Jean-Claude Guillebaud, reporter de guerre « du Biafra en 1968 à l’ex-Yougoslavie en 1994 en passant par le Proche-Orient et l’extrême Asie » est également l’auteur de livres dont l’ambition est de restaurer la valeur du doute et de la croyance contre le scientisme (La Force de Conviction, 2005) et la trahison des lumières (1995), ainsi que le rôle nouveau de l’ « Occident » dans un monde en changement (La refondation du monde, Le commencement d’un monde, 2008). Le Tourment de la Guerre retrace son parcours et celui qui a mené l’homme à perdre l’accoutumance à la guerre et la fatalité de celle-ci .
Le « tourment de la guerre » se formule ainsi : si la guerre est consubstantielle à l’homme, comment « la contenir, la limiter, en restreindre la sauvagerie », puisqu’on ne peut la supprimer totalement ? L’auteur nous rappelle que les guerres du Moyen-Âge européen sont « limitées et encadrées », et « dans l’ordre des choses » . Cela bascule à la fin du XVIIIe siècle comme le pressent Hippolyte de Guibert en 1772 dans son Essai général de tactique où il analyse le passage de la « guerre courtoise » à la « guerre républicaine » qui « n’opposera plus des princes mais des peuples entiers » : on passe d’une guerre codifiée, limitée, de militaires (« On ne cherche pas à anéantir l’adversaire mais on veut le contraindre d’accepter la défaite » ) à une guerre populaire, de levée en masse. Pour Roger Chickering, « le passage de Valmy (1792) à Hiroshima (1945) se fera de manière logique, progressive, mais inéluctable. » Gaston Bouthoul le rejoint en affirmant contre l’idée que « les démocraties et les républiques ne sont pas belliqueuses… qu’il aura fallu la Révolution française pour aboutir à la guerre totale et aux déchaînements guerriers de l’épopée napoléonienne. » 1812 est une année capitale car elle polarise la guerre des princes (Smolensk) et celle des peuples (Borodino).


Guillebaud explique contre l’idée communément admise que la guerre n’a pas toujours été vue comme un mal absolu car elle a toujours eu un côté festif qui se manifeste par l’attention portée aux tenues ou à la musique qui « faisait partie de la guerre dont elle était le vrai langage » et qui servait à « préparer la guerre, la combattre, l’exprimer, la faciliter » , mais aussi à des valeurs qui lient les soldats : discipline, solidarité, charisme, gloire, ivresse du combat (et les moins glorieuses, « contrainte et résignation ») . Bien plus, l’être social des sociétés premières est un être-pour-la-guerre. Guillebaud évoque Pierre Clastre pour qui « l’indivision originelle des sociétés primitives est fondée sur une distinction du Nous et de l’Autre. […] La violence guerrière n’est pas un dérapage passager, elle structure la société primitive elle-même en empêchant cette indifférenciation. » Il est important d’avoir à l’esprit cet aspect festif et glorieux de la guerre pour éviter les anachronismes et contresens historiques, pour comprendre la déshumanisation qui s’opère depuis deux siècles.

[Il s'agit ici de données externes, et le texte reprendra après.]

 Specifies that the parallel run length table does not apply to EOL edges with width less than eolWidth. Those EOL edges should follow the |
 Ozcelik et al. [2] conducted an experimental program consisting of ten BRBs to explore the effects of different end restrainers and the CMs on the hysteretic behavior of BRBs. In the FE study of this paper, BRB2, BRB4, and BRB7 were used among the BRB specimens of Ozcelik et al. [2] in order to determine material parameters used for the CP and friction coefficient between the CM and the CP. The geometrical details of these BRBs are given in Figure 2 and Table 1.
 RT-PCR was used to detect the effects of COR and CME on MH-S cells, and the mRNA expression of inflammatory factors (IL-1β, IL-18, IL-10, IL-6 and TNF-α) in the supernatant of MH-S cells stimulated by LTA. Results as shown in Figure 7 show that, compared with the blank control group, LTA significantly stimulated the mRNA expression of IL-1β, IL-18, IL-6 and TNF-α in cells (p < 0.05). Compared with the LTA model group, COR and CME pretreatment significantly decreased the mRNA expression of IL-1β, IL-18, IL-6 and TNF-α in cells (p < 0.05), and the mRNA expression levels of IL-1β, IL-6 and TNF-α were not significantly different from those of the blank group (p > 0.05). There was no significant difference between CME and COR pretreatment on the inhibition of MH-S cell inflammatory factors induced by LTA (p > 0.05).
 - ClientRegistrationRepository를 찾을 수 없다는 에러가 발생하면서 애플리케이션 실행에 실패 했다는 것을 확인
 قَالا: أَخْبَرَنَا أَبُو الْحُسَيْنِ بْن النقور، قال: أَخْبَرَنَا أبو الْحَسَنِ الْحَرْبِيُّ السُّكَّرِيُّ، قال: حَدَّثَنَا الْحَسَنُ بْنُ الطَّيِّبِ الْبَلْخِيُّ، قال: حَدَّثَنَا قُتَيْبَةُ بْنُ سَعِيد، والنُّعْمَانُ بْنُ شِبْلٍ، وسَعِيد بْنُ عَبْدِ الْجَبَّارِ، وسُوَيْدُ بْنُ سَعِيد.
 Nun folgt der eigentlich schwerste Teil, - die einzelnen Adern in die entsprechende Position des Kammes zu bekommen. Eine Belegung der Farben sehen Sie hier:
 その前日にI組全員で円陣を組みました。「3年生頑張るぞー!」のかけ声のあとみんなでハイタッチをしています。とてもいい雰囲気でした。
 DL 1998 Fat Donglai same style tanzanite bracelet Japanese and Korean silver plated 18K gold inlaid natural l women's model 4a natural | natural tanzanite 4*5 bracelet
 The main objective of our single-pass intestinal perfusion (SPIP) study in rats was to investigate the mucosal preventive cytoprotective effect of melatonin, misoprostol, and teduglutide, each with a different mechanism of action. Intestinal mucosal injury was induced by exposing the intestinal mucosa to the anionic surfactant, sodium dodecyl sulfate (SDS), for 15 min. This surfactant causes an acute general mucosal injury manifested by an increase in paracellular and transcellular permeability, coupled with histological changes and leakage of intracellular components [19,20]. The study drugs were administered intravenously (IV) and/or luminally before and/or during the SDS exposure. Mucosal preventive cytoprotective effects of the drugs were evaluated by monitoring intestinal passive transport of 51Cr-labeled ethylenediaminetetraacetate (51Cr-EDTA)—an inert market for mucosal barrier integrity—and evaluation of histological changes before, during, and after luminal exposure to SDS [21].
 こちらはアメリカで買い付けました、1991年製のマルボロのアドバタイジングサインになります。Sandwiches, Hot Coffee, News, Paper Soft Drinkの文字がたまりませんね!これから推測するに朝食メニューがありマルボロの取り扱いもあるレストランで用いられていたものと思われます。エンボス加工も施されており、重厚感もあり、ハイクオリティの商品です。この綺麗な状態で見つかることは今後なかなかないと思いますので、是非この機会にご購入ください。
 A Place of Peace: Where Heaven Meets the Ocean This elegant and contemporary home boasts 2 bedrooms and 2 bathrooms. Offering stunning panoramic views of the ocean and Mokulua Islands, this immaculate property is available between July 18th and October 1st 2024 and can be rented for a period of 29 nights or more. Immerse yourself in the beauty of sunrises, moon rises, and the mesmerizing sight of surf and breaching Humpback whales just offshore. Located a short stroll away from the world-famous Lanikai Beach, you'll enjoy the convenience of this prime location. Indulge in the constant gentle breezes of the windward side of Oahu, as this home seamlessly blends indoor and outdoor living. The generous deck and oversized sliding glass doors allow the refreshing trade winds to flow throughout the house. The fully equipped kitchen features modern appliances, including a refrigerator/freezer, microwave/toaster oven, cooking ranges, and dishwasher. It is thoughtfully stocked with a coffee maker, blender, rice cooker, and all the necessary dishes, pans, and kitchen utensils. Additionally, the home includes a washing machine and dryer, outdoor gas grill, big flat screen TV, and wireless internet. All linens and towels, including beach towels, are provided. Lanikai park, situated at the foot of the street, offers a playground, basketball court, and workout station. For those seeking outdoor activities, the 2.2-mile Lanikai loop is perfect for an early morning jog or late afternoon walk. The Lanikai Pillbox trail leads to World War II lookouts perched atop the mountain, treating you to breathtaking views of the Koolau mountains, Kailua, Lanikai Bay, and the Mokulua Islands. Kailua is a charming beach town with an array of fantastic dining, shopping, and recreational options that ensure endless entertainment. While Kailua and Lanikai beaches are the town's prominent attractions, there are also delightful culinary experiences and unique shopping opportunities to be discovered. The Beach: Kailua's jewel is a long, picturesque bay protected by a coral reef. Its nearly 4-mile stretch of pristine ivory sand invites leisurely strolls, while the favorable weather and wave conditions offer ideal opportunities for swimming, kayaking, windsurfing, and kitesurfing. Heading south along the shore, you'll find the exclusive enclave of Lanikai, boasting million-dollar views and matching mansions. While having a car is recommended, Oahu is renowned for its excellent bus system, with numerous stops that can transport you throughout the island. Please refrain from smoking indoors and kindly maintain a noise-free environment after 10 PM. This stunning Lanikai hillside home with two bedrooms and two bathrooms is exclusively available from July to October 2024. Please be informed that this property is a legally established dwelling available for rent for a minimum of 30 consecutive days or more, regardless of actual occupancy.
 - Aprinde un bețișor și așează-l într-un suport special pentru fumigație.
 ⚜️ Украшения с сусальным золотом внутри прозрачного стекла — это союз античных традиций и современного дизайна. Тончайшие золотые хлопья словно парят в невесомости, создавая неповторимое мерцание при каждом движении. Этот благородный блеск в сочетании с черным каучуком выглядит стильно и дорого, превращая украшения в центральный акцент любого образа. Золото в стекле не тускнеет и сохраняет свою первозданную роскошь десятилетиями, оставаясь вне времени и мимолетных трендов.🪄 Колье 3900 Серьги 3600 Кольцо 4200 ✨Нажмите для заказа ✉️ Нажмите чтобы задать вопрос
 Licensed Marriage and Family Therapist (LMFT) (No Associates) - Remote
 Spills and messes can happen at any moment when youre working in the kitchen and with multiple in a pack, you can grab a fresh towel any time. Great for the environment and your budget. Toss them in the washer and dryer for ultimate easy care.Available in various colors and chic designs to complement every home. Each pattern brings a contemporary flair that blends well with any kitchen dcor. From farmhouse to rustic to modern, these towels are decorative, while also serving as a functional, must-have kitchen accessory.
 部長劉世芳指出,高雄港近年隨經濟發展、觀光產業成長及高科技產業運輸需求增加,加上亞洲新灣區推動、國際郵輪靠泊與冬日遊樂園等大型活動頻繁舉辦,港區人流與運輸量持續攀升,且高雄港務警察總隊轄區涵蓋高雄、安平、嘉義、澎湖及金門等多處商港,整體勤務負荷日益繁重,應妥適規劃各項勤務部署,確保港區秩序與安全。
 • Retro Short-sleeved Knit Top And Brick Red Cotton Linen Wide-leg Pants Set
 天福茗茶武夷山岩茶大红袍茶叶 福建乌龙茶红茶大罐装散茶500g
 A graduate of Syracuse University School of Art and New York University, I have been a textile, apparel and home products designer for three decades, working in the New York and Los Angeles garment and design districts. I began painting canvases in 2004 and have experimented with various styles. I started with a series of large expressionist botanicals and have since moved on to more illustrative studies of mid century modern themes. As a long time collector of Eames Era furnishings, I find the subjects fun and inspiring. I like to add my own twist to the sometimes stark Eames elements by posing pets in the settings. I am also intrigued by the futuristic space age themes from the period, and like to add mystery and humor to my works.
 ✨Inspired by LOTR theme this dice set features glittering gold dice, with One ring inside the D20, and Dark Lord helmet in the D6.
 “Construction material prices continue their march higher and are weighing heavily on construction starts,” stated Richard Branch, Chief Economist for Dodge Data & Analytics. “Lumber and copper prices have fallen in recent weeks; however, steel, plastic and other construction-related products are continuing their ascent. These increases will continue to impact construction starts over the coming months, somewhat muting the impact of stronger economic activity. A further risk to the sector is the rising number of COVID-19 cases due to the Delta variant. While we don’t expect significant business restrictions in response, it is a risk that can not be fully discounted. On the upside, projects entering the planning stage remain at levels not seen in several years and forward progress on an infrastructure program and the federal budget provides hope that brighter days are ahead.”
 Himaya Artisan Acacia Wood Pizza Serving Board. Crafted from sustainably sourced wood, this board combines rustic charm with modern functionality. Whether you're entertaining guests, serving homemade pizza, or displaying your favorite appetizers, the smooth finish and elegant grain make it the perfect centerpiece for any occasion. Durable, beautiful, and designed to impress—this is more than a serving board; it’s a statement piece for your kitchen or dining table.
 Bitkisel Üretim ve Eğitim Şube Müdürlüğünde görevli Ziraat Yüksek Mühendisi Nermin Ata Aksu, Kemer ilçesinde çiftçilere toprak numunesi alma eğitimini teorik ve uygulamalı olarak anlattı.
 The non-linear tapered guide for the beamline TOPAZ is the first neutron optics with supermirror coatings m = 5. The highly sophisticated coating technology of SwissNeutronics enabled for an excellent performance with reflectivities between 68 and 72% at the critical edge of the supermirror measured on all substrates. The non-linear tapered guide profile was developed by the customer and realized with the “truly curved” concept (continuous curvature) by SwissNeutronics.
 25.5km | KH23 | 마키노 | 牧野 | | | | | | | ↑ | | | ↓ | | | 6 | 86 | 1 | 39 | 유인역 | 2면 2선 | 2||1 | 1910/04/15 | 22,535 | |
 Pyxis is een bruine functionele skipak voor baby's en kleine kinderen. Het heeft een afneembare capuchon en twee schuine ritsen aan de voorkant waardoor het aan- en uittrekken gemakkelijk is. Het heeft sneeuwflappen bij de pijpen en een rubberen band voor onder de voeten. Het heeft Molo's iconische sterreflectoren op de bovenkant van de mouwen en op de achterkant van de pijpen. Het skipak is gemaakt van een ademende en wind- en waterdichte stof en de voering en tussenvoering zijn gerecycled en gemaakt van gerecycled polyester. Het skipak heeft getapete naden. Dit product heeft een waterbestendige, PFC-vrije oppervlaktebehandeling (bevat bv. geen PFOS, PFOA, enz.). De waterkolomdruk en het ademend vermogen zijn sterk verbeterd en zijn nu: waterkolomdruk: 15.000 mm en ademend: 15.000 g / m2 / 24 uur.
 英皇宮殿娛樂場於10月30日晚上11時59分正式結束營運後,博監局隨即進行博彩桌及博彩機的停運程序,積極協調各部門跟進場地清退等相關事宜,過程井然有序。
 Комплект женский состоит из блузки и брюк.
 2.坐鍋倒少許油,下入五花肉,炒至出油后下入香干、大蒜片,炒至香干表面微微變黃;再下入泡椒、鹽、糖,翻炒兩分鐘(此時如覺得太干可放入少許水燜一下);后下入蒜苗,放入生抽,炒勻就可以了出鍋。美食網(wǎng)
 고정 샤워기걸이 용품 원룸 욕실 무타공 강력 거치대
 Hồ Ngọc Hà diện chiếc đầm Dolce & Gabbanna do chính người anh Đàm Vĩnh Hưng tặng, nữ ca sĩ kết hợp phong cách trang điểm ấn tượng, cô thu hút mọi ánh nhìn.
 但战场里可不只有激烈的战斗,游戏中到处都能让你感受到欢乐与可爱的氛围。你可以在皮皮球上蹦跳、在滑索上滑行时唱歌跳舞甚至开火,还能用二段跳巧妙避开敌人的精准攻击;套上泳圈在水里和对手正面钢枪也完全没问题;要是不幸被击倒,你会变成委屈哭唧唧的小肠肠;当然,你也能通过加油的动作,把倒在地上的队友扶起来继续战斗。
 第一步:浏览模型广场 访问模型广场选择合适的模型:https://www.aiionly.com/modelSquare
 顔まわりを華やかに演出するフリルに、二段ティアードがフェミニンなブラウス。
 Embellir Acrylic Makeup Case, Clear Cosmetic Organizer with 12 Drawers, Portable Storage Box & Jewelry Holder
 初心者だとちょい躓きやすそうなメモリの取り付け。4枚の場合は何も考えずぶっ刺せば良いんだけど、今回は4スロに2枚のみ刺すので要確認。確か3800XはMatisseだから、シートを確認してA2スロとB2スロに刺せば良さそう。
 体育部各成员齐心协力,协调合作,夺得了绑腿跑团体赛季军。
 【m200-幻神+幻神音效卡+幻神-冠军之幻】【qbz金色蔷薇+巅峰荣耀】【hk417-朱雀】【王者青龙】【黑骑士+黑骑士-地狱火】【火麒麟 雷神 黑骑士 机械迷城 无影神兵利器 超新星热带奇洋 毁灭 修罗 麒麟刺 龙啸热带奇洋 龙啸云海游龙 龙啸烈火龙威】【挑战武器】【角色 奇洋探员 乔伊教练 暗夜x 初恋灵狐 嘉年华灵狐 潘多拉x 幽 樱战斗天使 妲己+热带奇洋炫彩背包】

Gaston Bouthoul, inspiré par Lewis Mumford et Aldous Huxley, soulève un paradoxe : plus la société sera bureaucratique et technique, plus la dimension festive de la guerre qui « rompt la monotonie d’une société mécanisée » développera un esprit guerrier comme le négatif fantasmatique de ce monde. De là, peut-être, le départ d’Européens convertis pour le jihad. Fantasmatique car, comme Laurent Jenny l’explique, « bien moins qu’il combat, le combattant moderne subit une puissance de tir et de bombardement. Il est un matériau humain dont les armes testent la résistance sur un mode quasi expérimental. » Historiquement, « la généralisation et le perfectionnement de l’artillerie rendaient suicidaire le courage et, donc, suscitèrent une grande défiance. Pour reprendre une expression d’Hippolyte de Guibert, l’artillerie augmente quand le courage diminue. » Tzvetan Todorov montre que la figure de la victime a désormais remplacé celle du héros.


C’est ce déploiement de la technique, expliquent Hannah Arendt et Enzo Traverso, qui, allié à la bureaucratie, a permis dans les colonies l’expérimentation et le perfectionnement d’une barbarie dont le point culminant sera le processus génocidaire inhumainement rationnel durant la Seconde Guerre mondiale. La déshumanisation technique, désormais se manifeste par le retour à la guerre totale dans la stratégie américaine visant à l’écrasement total de l’ennemi (posé comme le Mal) dont la mise-en-œuvre technique, « profanation terminale » de l’éthique guerrière, se caractérise par l’utilisation de drones qui font de la guerre asymétrique une guerre unilatérale « car bien sûr, on y meurt encore, mais d’un côté seulement » et quasi totalement déshumanisée. Mais il ne faudrait pas croire que cela ne se caractérise que du côté des puissants. La crainte de Carl Schmitt de l’apparition d’un « partisan industriel » doté des « moyens d’extermination modernes » est de plus en plus probable et Guillebaud observe que les groupes islamistes ne se contentent plus du saccage et du pillage typiques : ils établissent un embryon d’État destiné à l’accaparement bureaucratique et technique des ressources sur les territoires conquis. Au passage, contre la thèse de la nature religieuse des conflits contemporains, Guillebaud rappelle que la religion agit comme « un substitut aux idéologies en ruines » et qu’« au siècle passé les religions ont été plus souvent persécutées que persécutrices. »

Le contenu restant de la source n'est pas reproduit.